@Anty_Anty W centrum Polski jak widać też już mało kto praktykuje chodzenie do kościółka. Moje Kielce już dawno przestały być "Klerykowem". W liceach i technikach około połowa uczniów nie chodzi na religię a w niektórych szkołach ten odsetek zwiększa się do 2/3. W większych miastach świętokrzyskiego jak Starachowice czy Skarżysko klechy też płaczą, że mało wiernych i dużo młodych nie chodzi na katechezę. Nie wspomnę już o większych miastach Polski centralnej jak Łódź gdzie mam rodzinę i wiem, że jakieś 70-80 % uczniów liceów nie chodzi na zajęcia z religii. Stąd ta desperacja purpuratów, że 1 godzina religii powinna być obowiązkowa.
Poza głębokim południem i wschodem Polski kler może powoli pakować mandżur. Za 10-15 lat jak demografia zrobi swoje będzie jak w Niemczech albo Czechach. Jakieś 5-7 osób na mszy i max 2-3 msze w tygodniu, bo więcej nie będzie mieć sensu z powodu braku ludzi. U młodych ta instytucja jest całkowicie przegrana. Pokolenie 30-40 latków robi uroczystości kościelne dla swoich dzieci praktycznie tylko po to, żeby babci nie było smutno i żeby nie płakała. A pokolenie 20-latków ma w to kompletnie wyjebane. Kiedy wymrą ludzie wychowani w PRL w kulcie, że ksiądz dobrodziej jest święty i papież Polak obalił komunę to już nikomu ta instytucja nie będzie potrzebna. Poza kilkoma % naprawdę wierzących nikt nie będzie robił komunii, bierzmowań w myśl zasady, żeby dziadki się nie denerwowały.

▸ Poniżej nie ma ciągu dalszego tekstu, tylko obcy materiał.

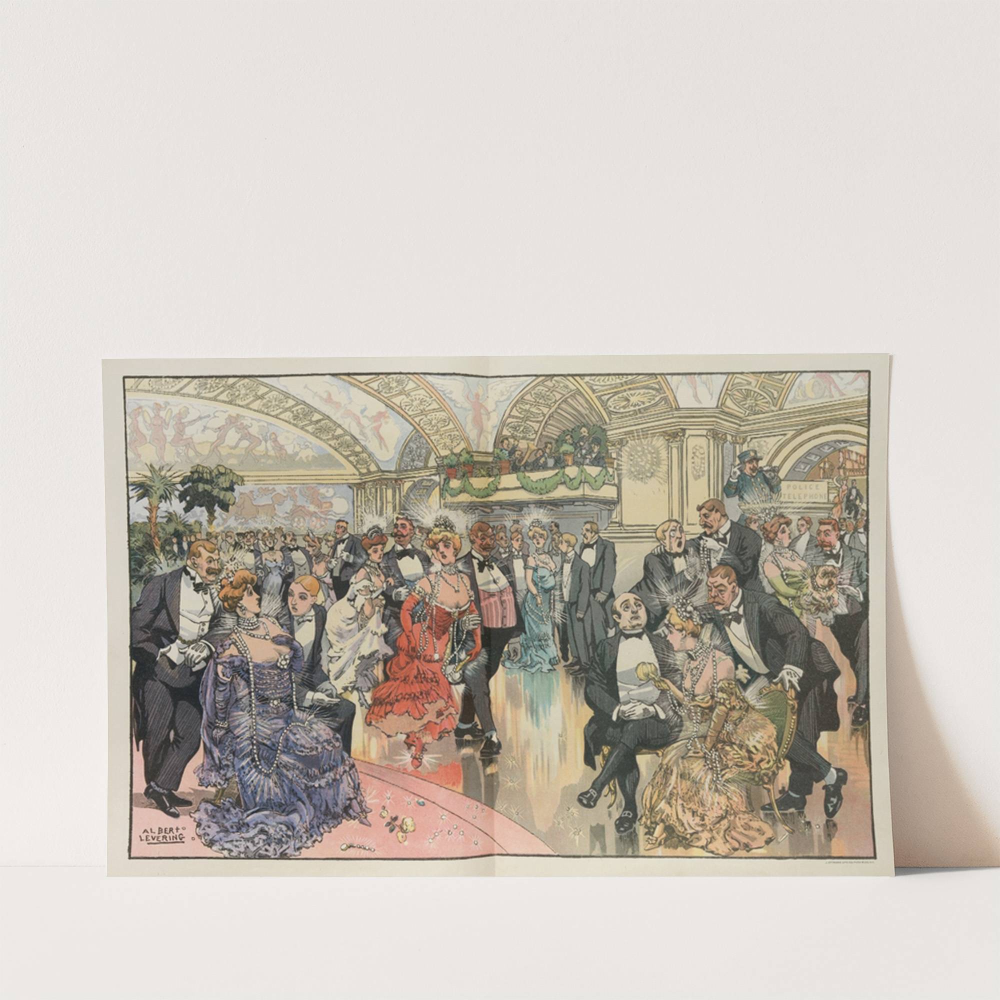This vibrant art print, "The Diversions of High Society" by Albert Levering, captures the essence of an elegant Victorian-era social gathering. The scene is filled with intricately dressed individuals engaged in lively conversations and dancing. In the foreground, a young...

Patrząc na to jak wyglądał nasz poziom religijności dekadę temu Polska zaliczyła ogromną laicyzację. Bardzo pomogły w tym rządy PiS-u, bo po pierwsze ludzie otworzyli oczy na instytucję KK. A po drugie wkurwili polityków konkurencji, którzy nie będą spokojnie patrzeć jak w latach 2007-2015, że kler tłucze młodym do głów jakieś treści niekontrolowane przez organy świeckie, że jak są rekolekcje to uczniowie mają wolne żeby szli do kościoła itp. Skończyło się. Czarnki i spółka nawet nie zdają sobie sprawy jaki kawał roboty odwalili dla laicyzacji Polski. Najskuteczniejsze komuchy w latach stalinizmu nie mogłyby się poszczycić takimi wynikami odciągnięcia wiernych od KK jak rządy PiS-u.